8.3beta2 dom0 kernel panic, possibly triggered by over-mtu packet?

wttw

I'm not clear on where it's most useful to report bugs in beta releases, so...

Yesterday I installed 8.3beta2 on bare hardware (NUC24OXGv9), installed orchestra and started migrating some VMs from ESXi.

While the second VM was being migrated, everything stopped.

At that point the two VMs that had been running - one vanilla ubuntu, and the orchestra VM - weren't any more, and it looked like dom0 had rebooted.

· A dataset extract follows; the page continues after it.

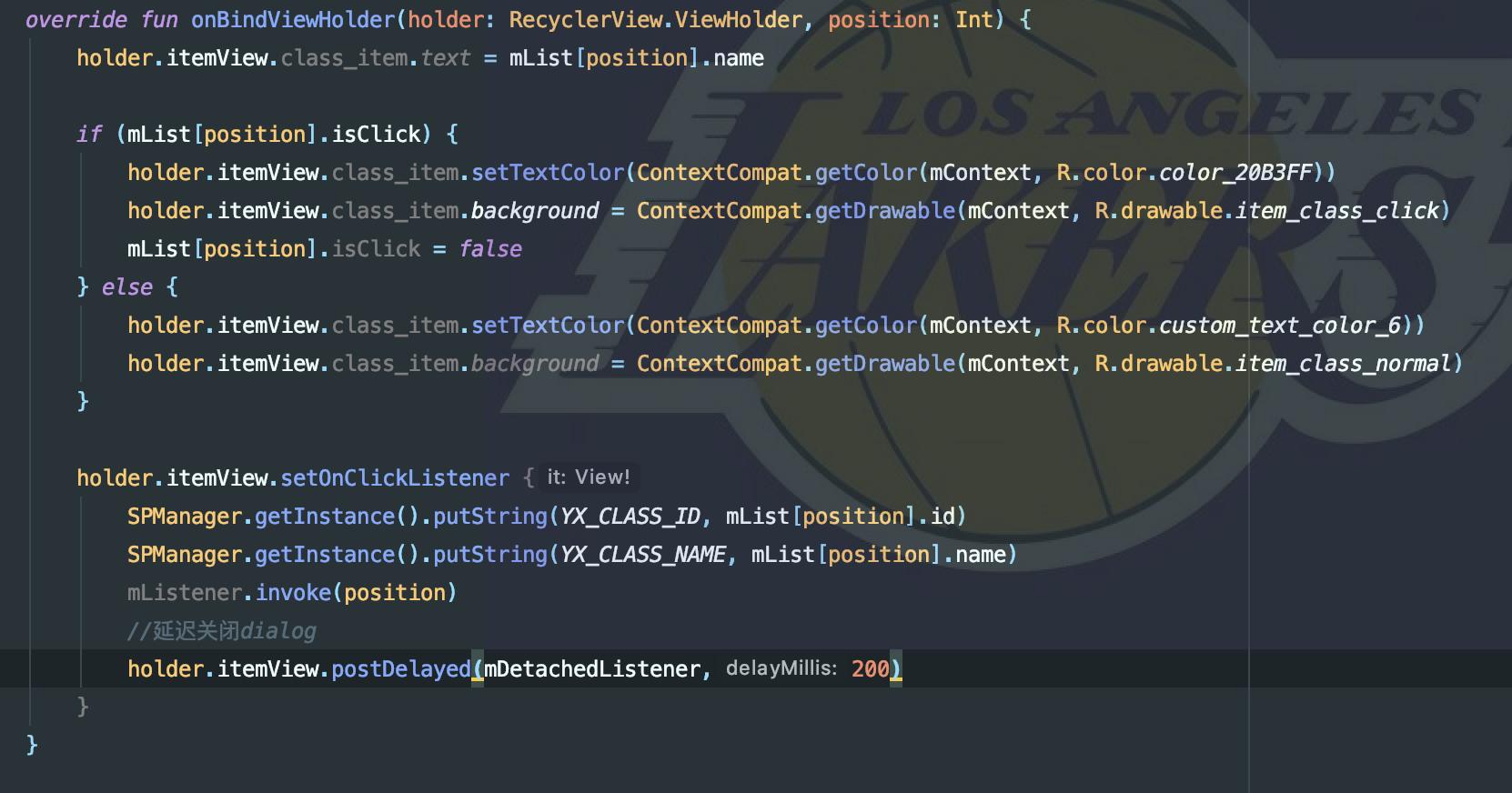 大家可以看到最后一行代码,这是另外一个坑。当时我写完之后发现点击item,然后dialog跟着消失但是点击的item没有点击效果啊。研究之后我发现是dialog消失的时间太快了,item还没展示点击效果dialog就消失了,又或者是在dialog消失过程中才出现点击效果,这样肉眼是看不到的,所以后面就让dialog延迟消失,完美解决。至于以上这个问题,估计跟添加了判断和调用了notifyDataSetChanged() 导致了速度变慢吧跟不上dialog dimiss()的速度吧。

Looking at the crash logs the relevant snippets of dom0.log seem to be:

[   7955.734205]   INFO: block tdc: sector-size: 512/512 capacity: 125829120
[  10363.803886]   WARN: vif2.0: dropped over-mtu packet: 68785 > 1500
[  10363.803905]   WARN: WARNING: CPU: 0 PID: 8940 at lib/iov_iter.c:825 page_copy_sane.part.7+0x0/0x11
[  10363.803906]   WARN: Modules linked in: tun bnx2fc(O) cnic(O) uio fcoe libfcoe libfc scsi_transport_fc openvswitch nsh nf_nat_ipv6 nf_nat_ipv4 nf_conncount nf_nat 8021q garp mrp stp llc ipt_REJECT nf_reject_ipv4 xt_tcpudp xt_multiport xt_conntrack nf_conntrack nf_defrag_ipv6 nf_defrag_ipv4 libcrc32c iptable_filter dm_multipath sunrpc nls_iso8859_1 nls_cp437 intel_powerclamp crct10dif_pclmul crc32_pclmul ghash_clmulni_intel vfat pcbc fat aesni_intel aes_x86_64 crypto_simd dm_mod cryptd glue_helper video backlight ip_tables x_tables hid_generic usbhid hid xhci_pci igc(O) nvme xhci_hcd i40e(O) nvme_core scsi_dh_rdac scsi_dh_hp_sw scsi_dh_emc scsi_dh_alua scsi_mod efivarfs ipv6 crc_ccitt
[  10363.803925]   WARN: CPU: 0 PID: 8940 Comm: handler122 Tainted: G           O      4.19.0+1 #1
[  10363.803925]   WARN: Hardware name: Simply NUC NUC24OXGv9/AHWSA, BIOS AHWSA.1.23 04/12/2024
[  10363.803926]   WARN: RIP: e030:page_copy_sane.part.7+0x0/0x11

[...]

[  10363.806328]   WARN: CR2: 00007f0dd2f68000 CR3: 000000023e91e000 CR4: 0000000000040660
[  10363.806335]  EMERG: Kernel panic - not syncing: Fatal exception in interrupt

I've not yet been able to replicate the issue, and everything else seems to be working fine, including redoing the migration that was happening during the crash.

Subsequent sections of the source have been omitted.